Figure 2. Histone variants define chromatin states in Arabidopsis thaliana.

(A) Bubble plot showing the emission probabilities for histone modifications/variants across the 26 chromatin states. (The size of the bubble represents the emission probability ranging from 0 to 1). The colors are ascribed for each type of chromatin. (B) Stacked bar plot showing the overlap between annotated genomic features and chromatin states. (C) Box plot showing the expression of protein-coding genes overlapping with each chromatin state in Transcripts per Million (TPM). (D) Box plot showing levels of CG methylation across chromatin states. (E) Box plot comparing DNase I-seq read coverage across chromatin states representing chromatin accessibility. (F) Heatmap showing the Jaccard similarity index between the states generated using the whole model and states using a subset of marks, i.e., excluding a set of marks and variants as indicated on the x-axis. The comparison with a 9-state model (Sequeira-Mendes et al., 2014) did not include CG content, DNA methylation, H4K5ac, and H3K4me2 which were not used in the 26-state model. H2B did not seem to make a significant contribution. Excluding H3 did reduce effectively the Jaccard index for both the 26 and the 9 chromatin states model, which both included H3.1 and H3.3. The major differences between the 26 and the 9 chromatin states model are in the intergenic states. Overall H2A variants affected most strongly the Jaccard index.

Figure 2—figure supplement 1. Validation of H2A.2 and H2A.
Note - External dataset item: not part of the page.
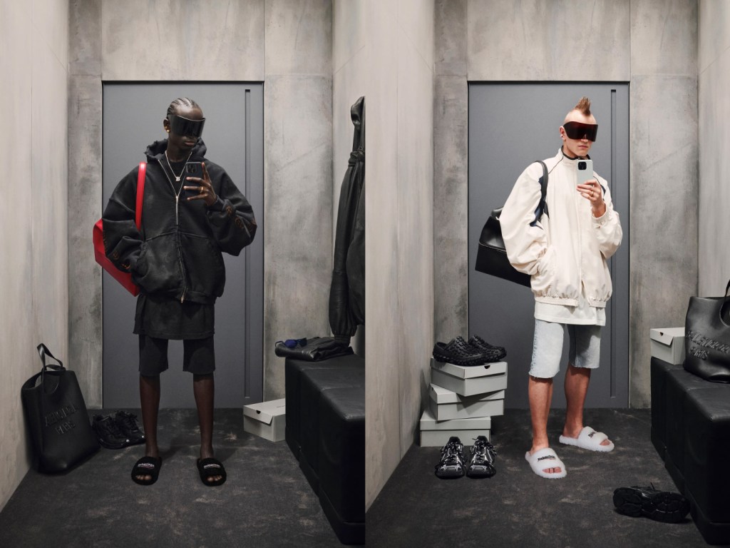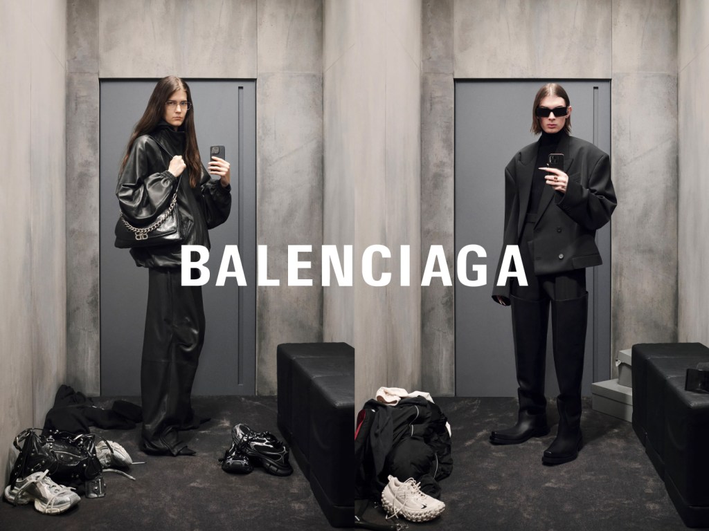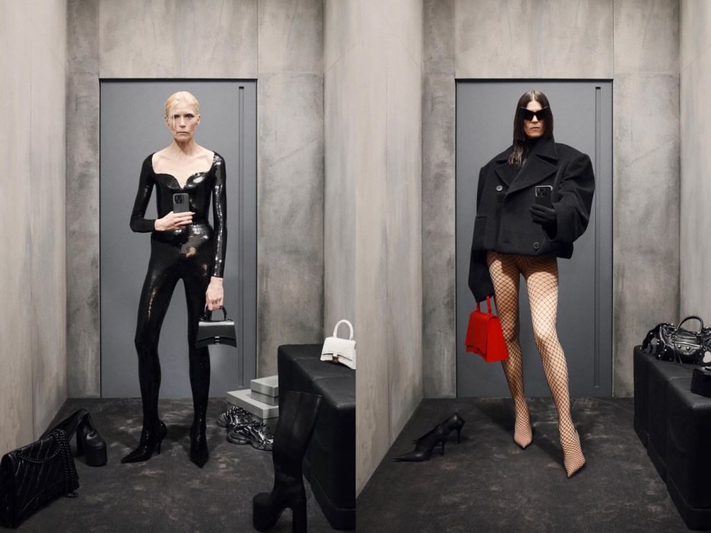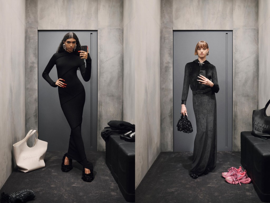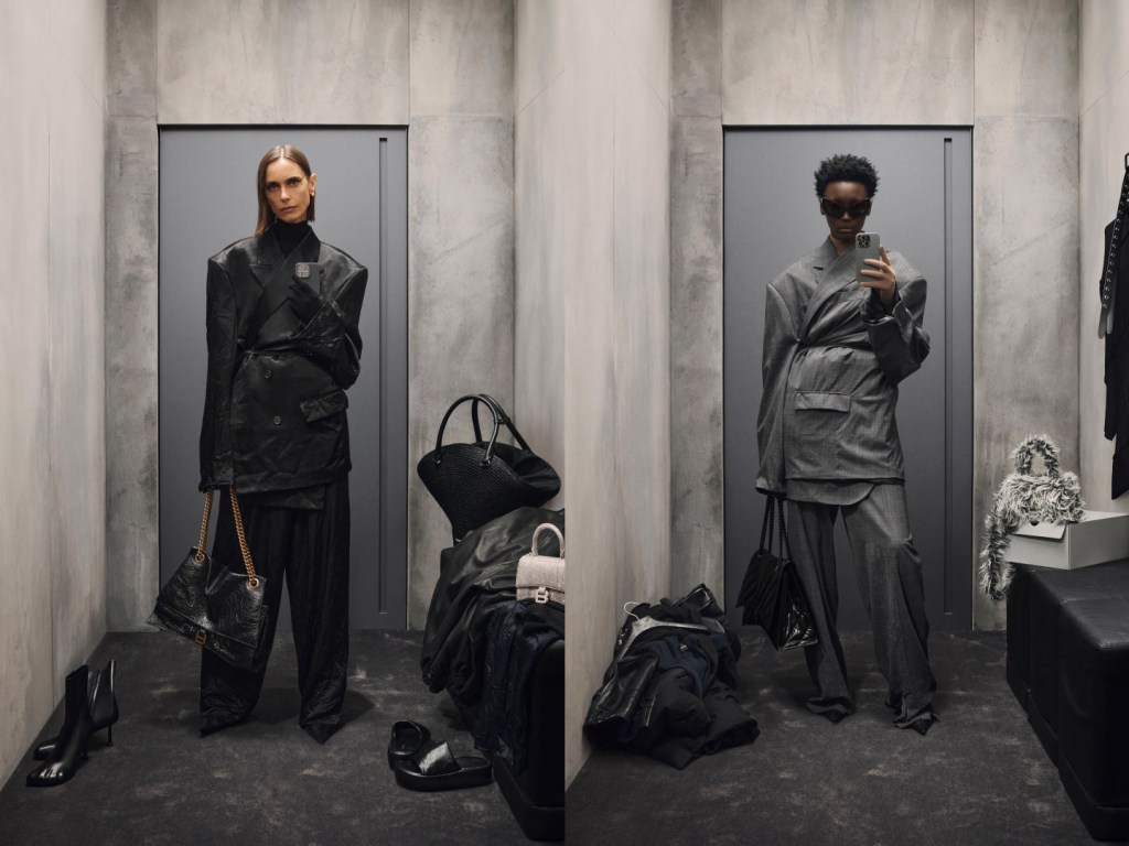 Demna Gvasalia ha presentato la sua collezione Pre-Fall 2023 di Balenciaga con una campagna molto sobria, ambientata nei camerini di una boutique della maison.

Z.11 polyclonal antibodies. (A) Sequence alignments of three H2A.Z and four H2A histone variants. Positions that differ between variants are highlighted in blue. Underlined are sequences of peptides used for immunization. (B) Antibodies against H2A.2 were tested with four H2A variants expressed in bacteria. Relevant part of Coomassie stained gel with overexpressed H2As is shown on the top. As shown on the bottom panel antibody raised against H2A.2 peptide recognized only H2A.2. Antibodies against H2A.Z.11 were tested on nuclear extracts from WT, h2a.z.9 knock-down/h2a.z.11 knock out (h2a.z.9 KD h2a.z.11 KO; this line still expresses H2A.Z.8), and pie1-3 (mutant in the large subunit of the SWR1 complex responsible for the deposition of H2A.Z) lines. The H2A.Z.11 antibodies did not recognize any protein in the h2a.z.9 KD h2a.z.11 KO line indicating its specificity. In pie1-3 line, both H2A.Z.9 and H2A.Z.11 were detected but at reduced levels as compared to WT which is in line with the inefficient deposition of H2A.Z in the absence of SWR1. The H3 antibody served as the loading control. (C) Immunostaining of WT nuclei with indicated antibodies. Original pictures of the gels are provided in Figure 2—figure supplement 1—source data 1.
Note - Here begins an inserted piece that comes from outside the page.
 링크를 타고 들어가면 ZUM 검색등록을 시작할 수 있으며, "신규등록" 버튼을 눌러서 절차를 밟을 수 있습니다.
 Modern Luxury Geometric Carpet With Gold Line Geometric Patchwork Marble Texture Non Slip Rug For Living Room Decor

Figure 2—figure supplement 2. Properties of chromatin states in Arabidopsis thaliana.

(A) Heatmap showing the correlation (0–1) between emission parameters of each model. The y-axis represents the distinct states in the reference state model (n=50). The x-axis represents models including 2–49 states compared to the 50-state model. The correlation plotted here is the maximum correlation between each state of the reference model and any state of the other models being compared. (B) Pie chart showing the proportion of the genome covered by each state. (C, D) Box plots showing levels of CHG (C) and CHH (D) methylation across states. (E) Box plot showing nucleosome occupancy (MNase-seq read density) across states. (F) Box plots showing the length (bp) of chromatin states. (G) Stacked bar plot showing the overlap between non-protein-coding gene features and chromatin states. (H) Flow diagram showing the overlap (in bp) between published states (Sequeira-Mendes et al., 2014) and the current states. The color code for the flow diagram represents the chromatin states in the current model.